Durability measurements. The chronoamperometry test of catalysts runs for no less than 20 h under the condition of constant overpotential at 245 mV, corresponding to current density of 10 mA cm−2 (η10).

2.7 Material Characterization

Transmission electron microscopy (TEM) measurements were performed on a JEOL JEM-2100F electron microscope operating at 200 kV. The atomic force microscope (AFM) images were characterized using Bruker Dimension Icon AFM. The crystal phase structures of samples were investigated through X-ray diffraction, with a nickel-filtered Cu-Kα radiation source (XRD: Rigaku D/max-2500, Japan).
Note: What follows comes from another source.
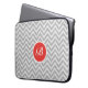Light Grey Chevron Pattern Linen Texture Monogram Laptop Sleeve
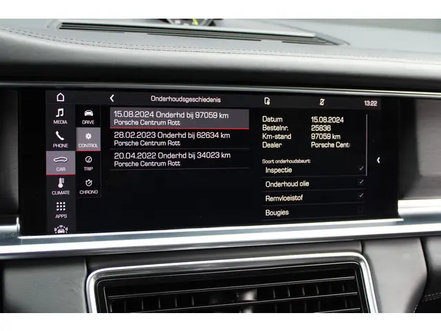 Aan boord van deze Porsche houden verschillende geavanceerde systemen voor u de weg in de gaten. Ze waarschuwen u voor noodsituaties en kunnen in een aantal gevallen ook zelf ingrijpen. Een belangrijke bijdrage aan de veiligheid onderweg levert de verkeersbord-detectie in deze Porsche. Het Lane-keeping systeem registreert permanent of u binnen de lijnen van de rijstrook blijft; dwaalt u onbedoeld af, dan waarschuwt het systeem en corrigeert de koers. Verder is deze auto uitgerust met dodehoekdetectie en bandenspanningcontrolesysteem.

The functional groups on the sample surface were measured by X-ray photoelectron spectroscopy (XPS, Thermo Fischer, ESCALAB250Xi). Raman spectra were assessed using Cora 5001 (Anton Paar OptoTec GmbH), which was implemented utilizing 785 nm as the excitation light source. Fourier transform infrared (FTIR) spectra were measuremed on a Nicolet iS50 spectrometer (Thermofisher) with a resolution of 0.09 cm−1 and a DLaTGS detector within the range 4000–400 cm−1. The temperature-programmed de-sorption (TPD) tests were conducted utilizing a Micromeritics Anton-Paar ChemBET characterization system with a quartz U-tube reactor and detected using a TCD. The electron conductivity of samples was characterized by a four-probe powder resistivity tester (Suzhou Jingge Electronic Co., Ltd. ST2722). The contact angle measurements are typically done by using Theta Flow equipment (Biolin Scientific) with optical and force tensiometers to perform calculations.

2.8 Computational Details

The DFT calculations were implemented in the Vienna ab initio Simulation Package (VASP) [22]. The Perdew-Burke-Ernzerhof (PBE) method was adopted to establish the exchange correlation functional [23]. The energy cutoff was set to 500 eV and the Gaussian smearing was used (SIGMA = 0.05 eV). For all configuration, 2 × 3 × 4 Gamma K-point grid was constructed by vaspkit. In the calculation process, the dispersion interaction was corrected by DFT-D2 method [24]. The DFT calculations were considered to be convergent when the forces and the energy less than 0.02 eV Å−1 and 10−5 eV atom−1, respectively. For the Gibbs free energy calculations of HER process, the computational hydrogen electrode (CHE) method proposed by Nørskov was used [25]. The Gibbs free energy is given by Eq. (2):

$$ G = E + E_{{{\text{ZPE}}}} + \int {C_{{\text{p}}} {\text{d}}T} - TS $$
(2)

where E and EZPE are the total energy of system and the zero-point energy, respectively. Cp is the heat capacity; T is the temperature (298.15 K), and S is the entropy. The configuration of 2H-MoS2 was exported from Materials Project, and a 10 × 4 × 1 supercell was constructed in our DFT calculations. The GQDs consist of 102 C atoms, the edge is saturated by adding H atom. The size of GQDs was 1.36 × 2.17 nm. The functionalized GQDs were constructed by replacing one H atoms with the functional group. The small (0.51 × 0.94 nm) and medium sizes (0.94 × 1.93 nm) of GQDs consist of 84 and 27 C atoms, respectively. For the calculations of layer spacing, the lattice parameters were relaxed during the DFT calculations. For the Gibbs free energy calculations, the lattice parameters were fixed.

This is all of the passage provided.